ハンセン病医療の一般医療への統合に伴って、一般の医療施設でハンセン病の診療が行なわれることになった。このため、日本ハンセン病学会は2000年に「ハンセン病治療指針」1)を発表し、化学療法はじめ診断と治療、障害の予防と治療についてのガイドラインを示した。
日本で臨床的に治癒の概念が定義され、公的に使用されるようになったのは、1989年の病型表示に関する協同研究の報告2)からである。その後、治療薬の種類が増え、多剤併用療法が普及するに伴って治療成績が向上し、従来の治癒判定基準を改訂する必要性が生じてきた。
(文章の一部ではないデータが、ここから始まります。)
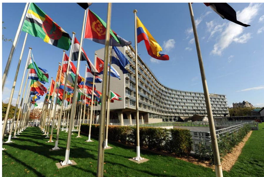
Штаб-квартира ЮНЕСКО в Париже

Штаб-квартира ЮНЕСКО располагается в столице Франции – г. Париже. Организация имеет также более 50 местных представительств по всему миру.
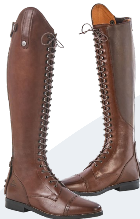
Maße in cm der Reitstiefel LAVAL, braun

WHO/MDT(1997)3)や上述の「治療指針」に基づいて治療を受けた患者の、新たな治癒判定の基準と判定後のハンセン病再発、後遺症や合併症などについての注意事項を明確にするため、厚生労働省「新興・再興感染症研究事業」のハンセン病研究の一環として、治癒判定の基準を設ける委員会が組織された。委員会は治癒判定基準について討議し、委員会案を作成して日本ハンセン病学会会員に検討を求め、この基準をまとめた。治療指針とともにこの基準が活用され、日本のハンセン病医療が施設や担当者に関わりなく、等質の医療を患者に提供するものとなることを希望する。